Well, I've just come back from a 2-hour session of playing with the VX2000 and PDX10.
VX2000 AUD $5,499
PDX10 AUD $4,699
First impressions:
VX2000 - A joy to hold and operate. I couldn't help but LIKE this camera. The settings are very nicely placed for the most part. I can see why this model has been so popular.
PDX10 - A bugger to handle in comparison. A little lopsided/unbalanced and awkward. I wouldn't consider this a one-hand-cam as the design and side strap imply. Settings not so conveniently placed and I found myself having to put the camera down in order to interact with some menu's/settings.
We're opposites in terms of aesthetics Tom - the look didn't really grab me.

Recorded Footage:
Brilliant images produced by both of these cameras. Though I was limited inside a well-lit office. At one point I filmed through a window at some pedestrians walking in the streets below. when playing back, I was very impressed with the clarity that was maintained throughout the entire zoom as I followed them.
The PDx10 needs a little tweak soon after optimum lighting is reduced.. expected.. Still, I don't really think it's that much of an issue. HOWEVER, I did not get into extremely low light. Lowest light was in a small utility office with one window but no artificial light. I ended up crouching in a corner behind boxes to try and get a good dark sample.

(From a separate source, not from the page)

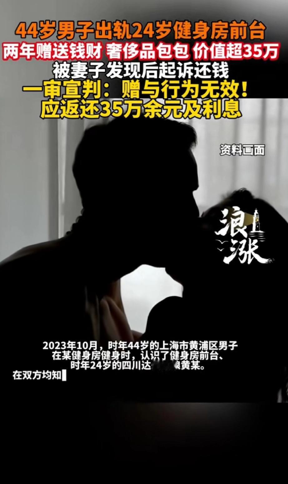 2023年10月44岁男子出轨24岁健身房前台,双方都知道王某已婚的情况下,还搞婚外情,王某两年内赠送“黄某”钱财 奢侈品包包 价值超过35万。 2025年初俩人的不正当关系被王某妻子魏某发现,魏某起诉要求黄某还钱。 一审宣判:赠与行为无效,黄某应返还35万余元及利息。 不得不说这个判决实在大快人心,不但返还本金,还要连利息一并返还。 一个图财一个图色,这大叔算是白嫖了,女前台赔了青春钱财也没得到,真是活该。 好好的年龄不去谈恋爱,非要找个已婚的大叔,在知道对方已婚的情况下,破坏别人的家庭。 这大叔为了爱情昏头了,自己已经有了家室,还去沾花拈草,不珍惜家庭,现在事发如何面对妻子和孩子。

Vertical smear-shmear. I just didn't find it a problem at all until I was pushing extremes on frame rate and aperture... (I think it was those two), but baby when it was there, it was THERE. I had a sc-fi show going. But still manageable as far as I'm concerned.
I was surprised to find the vz2000 smearing also with similar settings.. perhaps it was the environment

PDX10 native 16:9 is grrreat. Now, you may think I'm partially blind.. and I cringe at typing this, but at a casual glance I didn't actually see that much of a jaw dropping difference. Yes the 'compression' of vx200's 'wide screen' and cropping makes for less footage displayed, but I was surprised that the image quality was so similar... or should I say, based on my expectations, I was surprised not to find more of a difference in image quality.
come to think of it.. why would there be... ok disregard previous.

Circumstances did not permit testing/comparison of sound.

so.. after a limited 'scratch n' sniff'. I still can't decide which cam to go with! :(
I really am happy with image quality on both. Somehow I couldn't help but feel the vx2000 was a fraction of a fraction more vibrant - but not noticeable without direct comparison on screen.

I just donít know!!!

I'm sick of the indecision. It's really getting to me.

Camera store guy said he'd allow me to exchange the pdx10 for vx2000 or vice versa if I found that I wasn't happy with it. Which would be great, but I don't want to buy the vx2000 from him because I can get it from a Sony insider for AUD$47000 (saving myself $1000) So if I buy the pdx10 from him, I'm stuck with it.

So basically I can get either cam for same price.... I just can't decide which one.

Insane
Anthony

ps.. hmm. maybe I'll just get the vx2000 for now, learn the tricks of the trade, and finally when a camera with dvcam format, native 16:9, great sound, low lux etc comes out, I'll be in a poisition to buy... hopefully. Hey, gotta start somewhere right?. vx2000 good place to start?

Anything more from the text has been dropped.